(Dataset items)

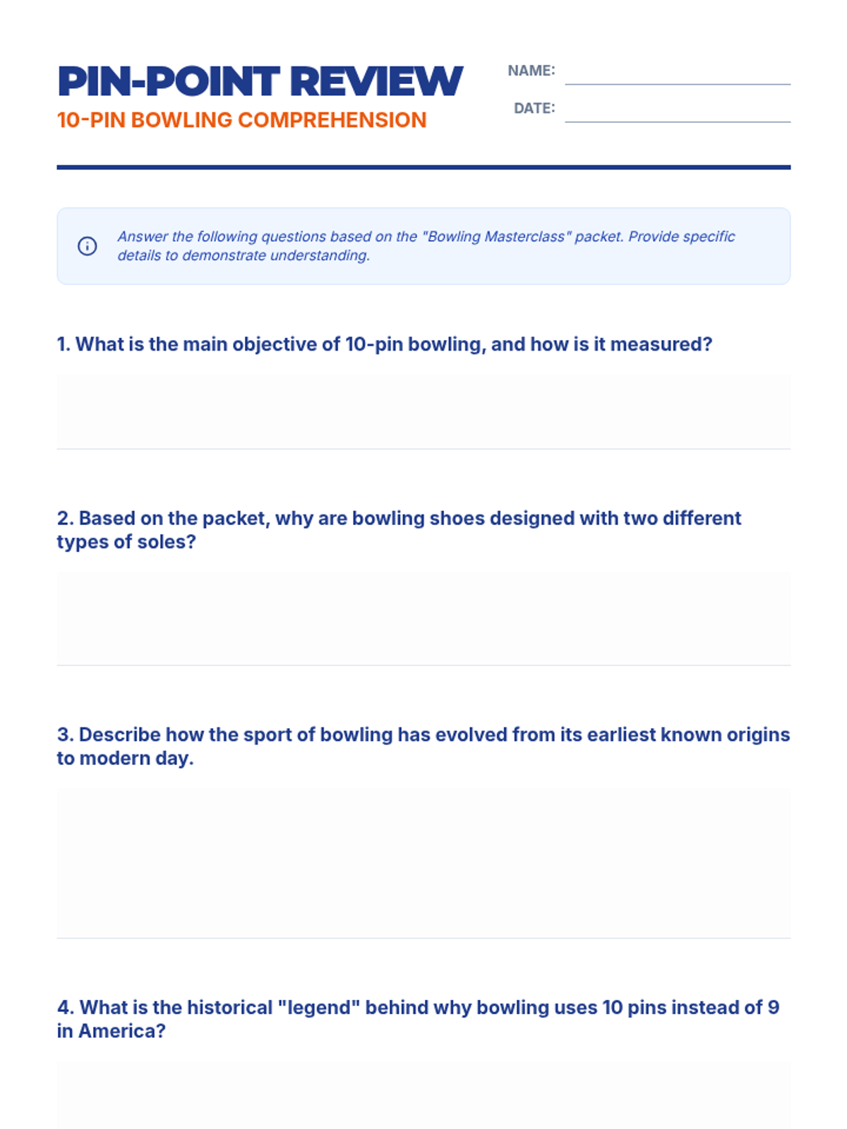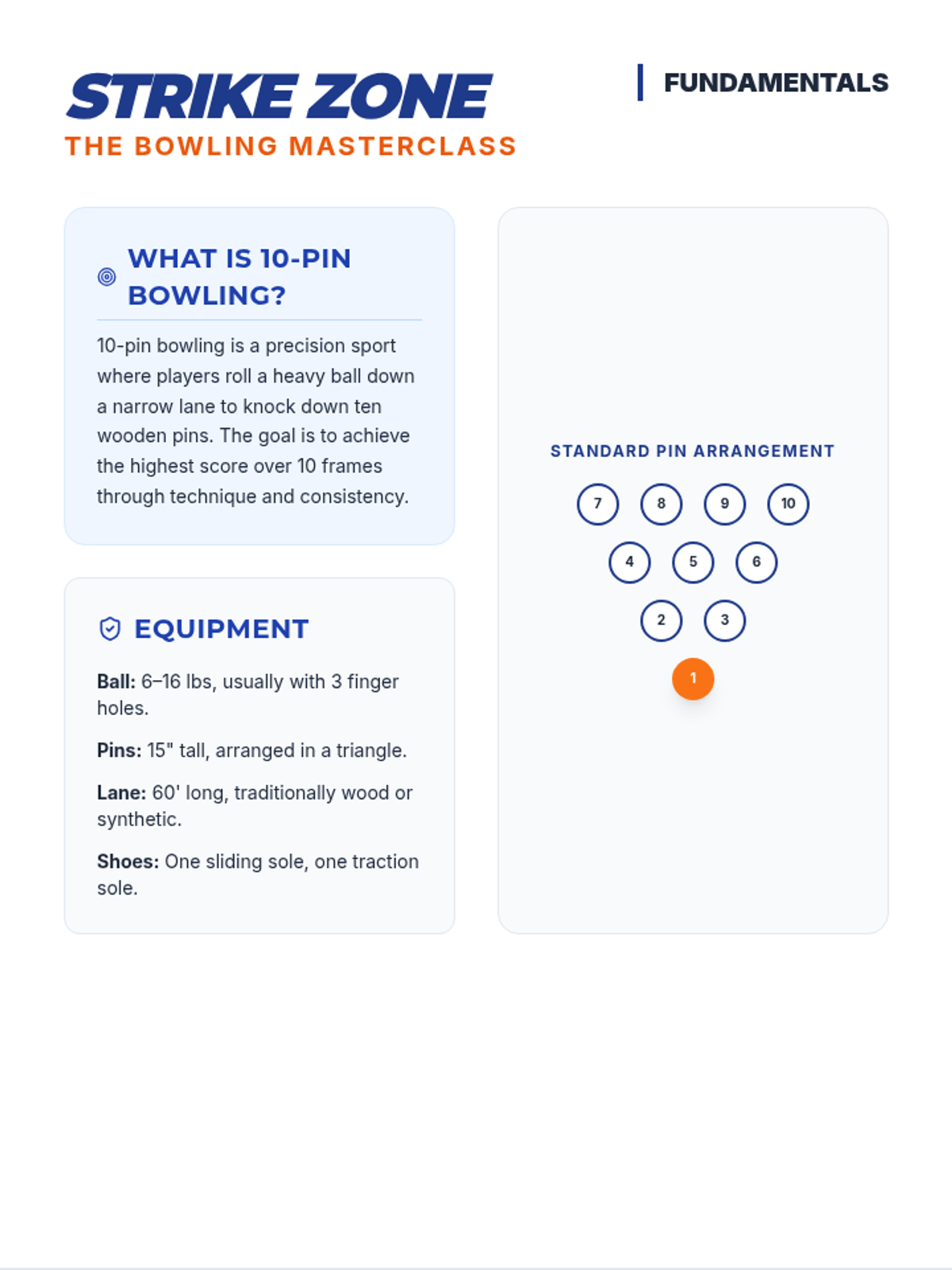 An in-depth exploration of 10-pin bowling, from its ancient origins to modern competitive strategies, including scoring mechanics and etiquette.
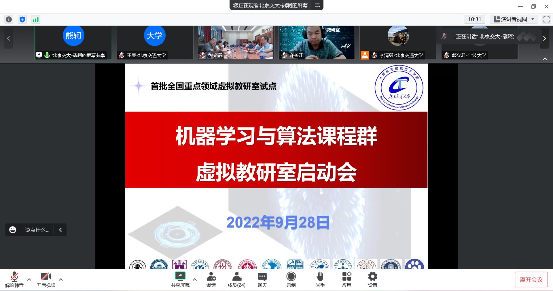 机器学习与算法课程群虚拟教研室于2022年9月28日下午通过线上线下结合的方式召开建设启动会。会议由金年会jinnianhuicom计算机与信息技术学院副院长熊轲教授主持,重点领域教学资源建设项目管理办公室副主任许长江、金年会jinnianhuicom本科生院副院长宋瑞、金年会jinnianhuicom计算机与信息技术学院院长蔡伯根参加会议并致辞,金年会jinnianhuicom、武汉大学、南京大学、北京航空航天大学、北京邮电大学、西南交通大学、中国矿业大学、华中师范大学、桂林电子科技大学、宁波大学、西北师范大学和武夷学院等虚拟教研室成员单位的专家和教师代表出席了会议。
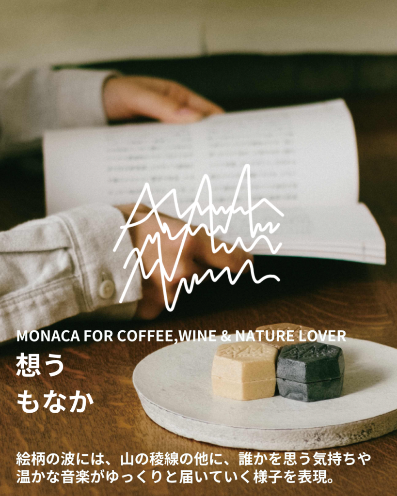 古来より縁起が良いとされる亀甲文様をした六角形をしたもなかの表面には、九州の美しい山々に見えたり、音楽や想いが波のように伝わっていく様にも見える印象的な波模様のデザインを描いており、和菓子ではあまり見かけないシャープでモダンな佇まいが特徴です。
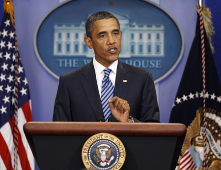 7月5日,在美國首都華盛頓,美國總統奧巴馬在白宮舉行的新聞發布會上講話。 奧巴馬5日表示,他將于7日與國會兩黨領導人在白宮繼續就削減赤字和提高公共債務上限議題舉行商討,他強調兩黨要通過合作來推進談判進程。
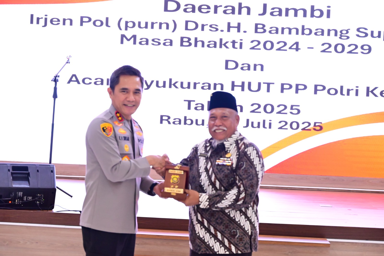 JAMBI.PILARDAERAH.COM — Kapolda Jambi Irjen Pol. Krisno H. Siregar memimpin Pelantikan Ketua Persatuan Purnawirawan Polri (PP Polri) Daerah Jambi masa bakti 2024-2029 serta Penyerahan Pataka dan Syukuran HUT ke-26 PP Polri tahun 2025 pada Rabu (16/07/2025).
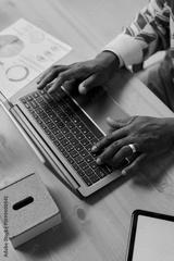 Black man typing on laptop at desk, hands with wedding ring, working on project with financial charts and tablet nearby, adult engaged in professional activity
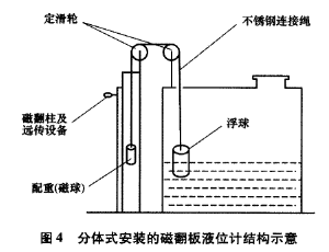 分體式襯四氟磁翻板液位計的安裝步驟如下:①通過計算浮力和配重,在槽體頂部合適位置安裝定滑輪,在槽外合適位子安裝磁翻板傳感裝置;②用直徑為3mm的不銹鋼繩連接浮子和配重,鋼繩長度根據(jù)液位來計算。這里特別要注意,磁翻板要反向安裝。
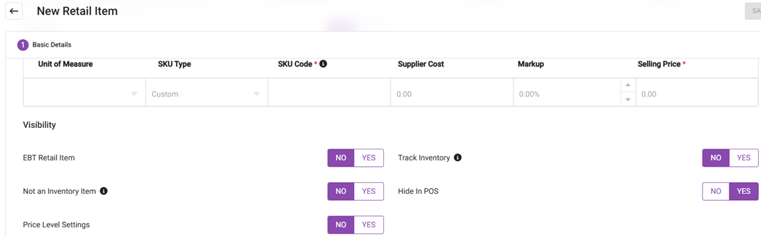 On the (1) Basic Details page under the Visibility section, enable the EBT Retail Item toggle (set to YES), then click Save at the upper-right.
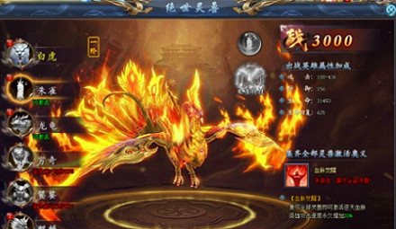 功能开启后,点击右上的“绝世灵兽”图标即可打开绝世灵兽界面。绝世灵兽为全体出战英雄提供属性加成。
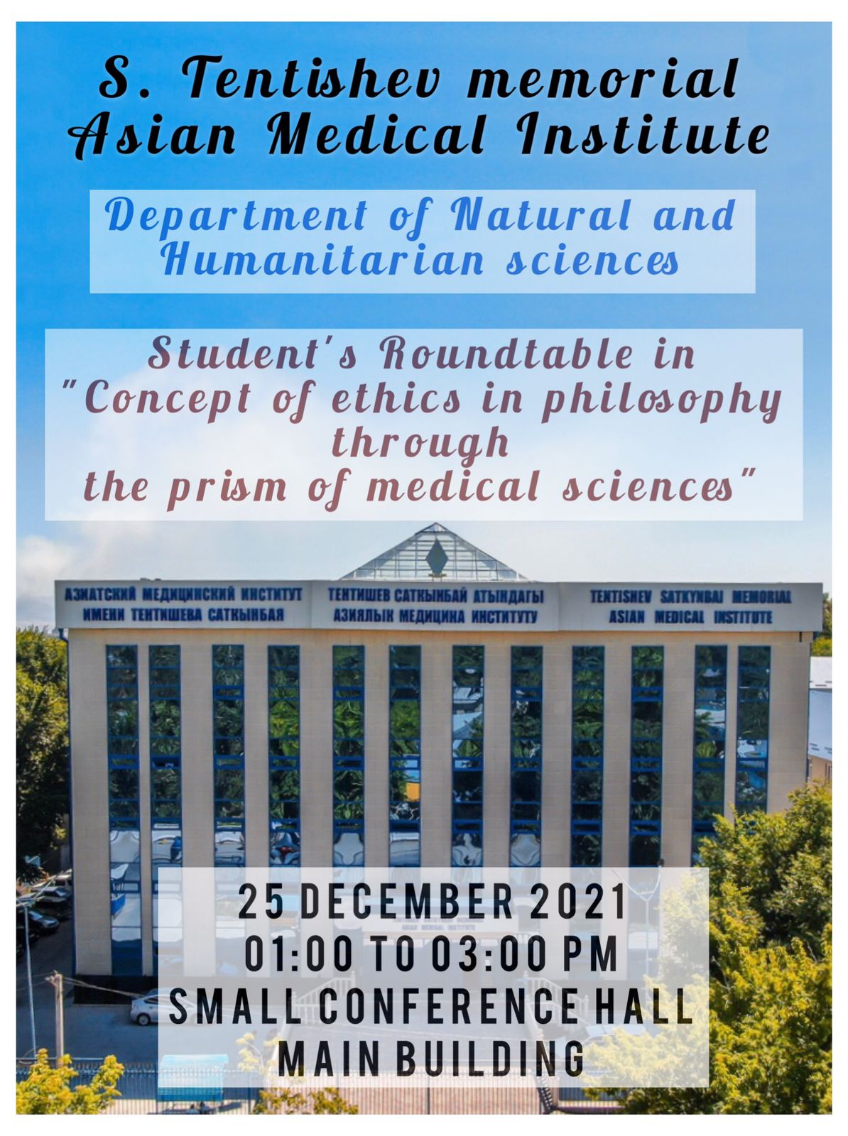 25.12.2021 в АзМИ прошел круглый стол на тему: «Концепции этики в философии через призму медицинских наук». Круглый стол прошел в дискуссионном русле, студенты АзМИ рассматривали этико-деонтолигические вопросы Медицины через призму философии.
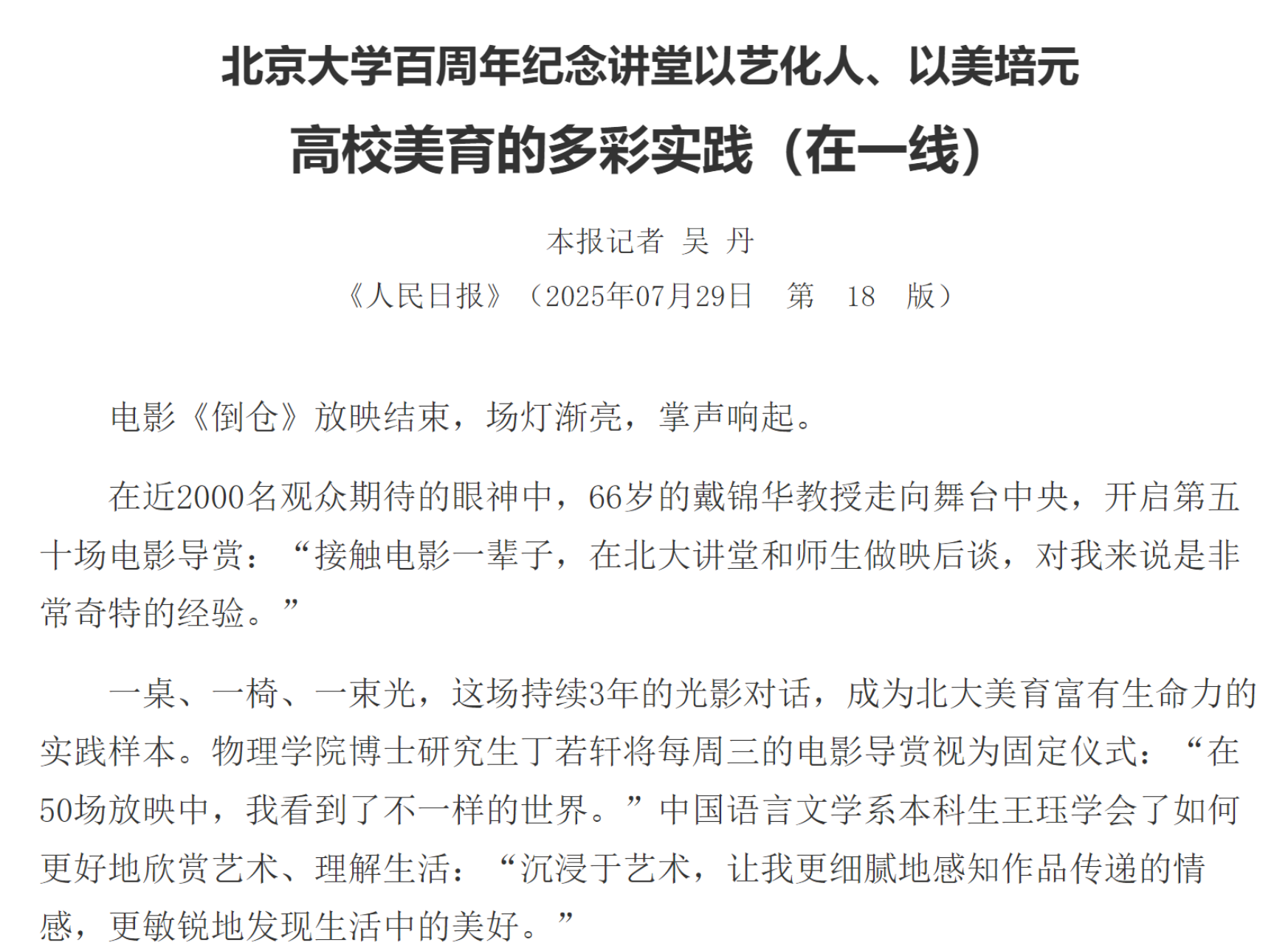 2025年人民日报以“高校美育的多彩实践”为题报道讲堂
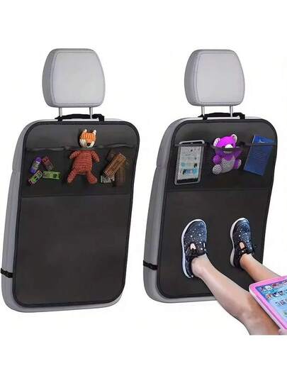 1 件汽车座椅靠背收纳整理器(3 个口袋)、大号防踢垫座椅靠背保护套、汽车座椅靠背保护套(防尘防刮)、汽车内饰配件座椅靠背收纳 - 均碼 - 查看 2
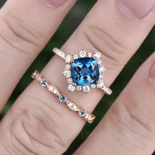 London blue topaz ring unique engagement ring set Cushion cut unique rose gold engagement ring antique moissanite ring bridal ring set women
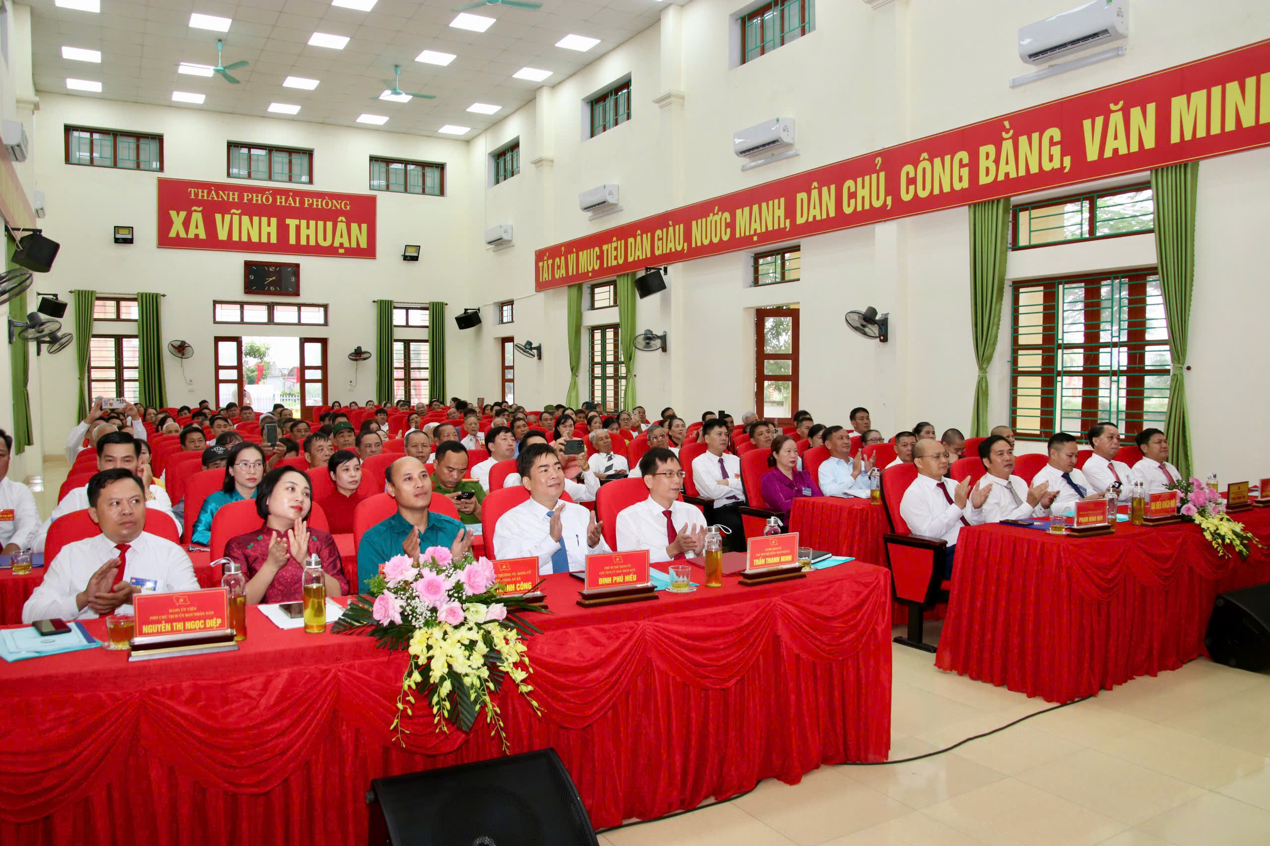 Đồng chí Đoàn Đức Giang, Chủ tịch MTTQ xã nhiệm kì 2024-2029 phát biểu khai mạcNhiệm kỳ qua, Ủy ban MTTQ Việt Nam xã Vĩnh Thuận đã phát huy hiệu quả vai trò tập hợp khối đại đoàn kết toàn dân, góp phần thực hiện thắng lợi các nhiệm vụ phát triển kinh tế - xã hội của địa phương. Nhiều phong trào thi đua được đẩy mạnh, lan tỏa sâu rộng, tiêu biểu là phong trào “Toàn dân đoàn kết xây dựng nông thôn mới, đô thị văn minh”. MTTQ xã đã vận động trên 800 hộ dân hiến hơn 0,85 ha đất ở và đất nông nghiệp, đóng góp trên 300 ngày công, nâng cấp 107 công trình giao thông và dân dụng, ủng hộ các dự án lớn như đường tỉnh 354 Tiên Lãng – Vĩnh Bảo, khu công nghiệp Dũng Tiến – Giang Biên.

Your instructions:
Exclude all pictures and reproduce exactly the lines from the one containing "On the (1) Basic" through the final line of the entries above.

Written solution:
 On the (1) Basic Details page under the Visibility section, enable the EBT Retail Item toggle (set to YES), then click Save at the upper-right.
 功能开启后,点击右上的“绝世灵兽”图标即可打开绝世灵兽界面。绝世灵兽为全体出战英雄提供属性加成。
 25.12.2021 в АзМИ прошел круглый стол на тему: «Концепции этики в философии через призму медицинских наук». Круглый стол прошел в дискуссионном русле, студенты АзМИ рассматривали этико-деонтолигические вопросы Медицины через призму философии.
 2025年人民日报以“高校美育的多彩实践”为题报道讲堂
 1 件汽车座椅靠背收纳整理器(3 个口袋)、大号防踢垫座椅靠背保护套、汽车座椅靠背保护套(防尘防刮)、汽车内饰配件座椅靠背收纳 - 均碼 - 查看 2
 London blue topaz ring unique engagement ring set Cushion cut unique rose gold engagement ring antique moissanite ring bridal ring set women
 Đồng chí Đoàn Đức Giang, Chủ tịch MTTQ xã nhiệm kì 2024-2029 phát biểu khai mạcNhiệm kỳ qua, Ủy ban MTTQ Việt Nam xã Vĩnh Thuận đã phát huy hiệu quả vai trò tập hợp khối đại đoàn kết toàn dân, góp phần thực hiện thắng lợi các nhiệm vụ phát triển kinh tế - xã hội của địa phương. Nhiều phong trào thi đua được đẩy mạnh, lan tỏa sâu rộng, tiêu biểu là phong trào “Toàn dân đoàn kết xây dựng nông thôn mới, đô thị văn minh”. MTTQ xã đã vận động trên 800 hộ dân hiến hơn 0,85 ha đất ở và đất nông nghiệp, đóng góp trên 300 ngày công, nâng cấp 107 công trình giao thông và dân dụng, ủng hộ các dự án lớn như đường tỉnh 354 Tiên Lãng – Vĩnh Bảo, khu công nghiệp Dũng Tiến – Giang Biên.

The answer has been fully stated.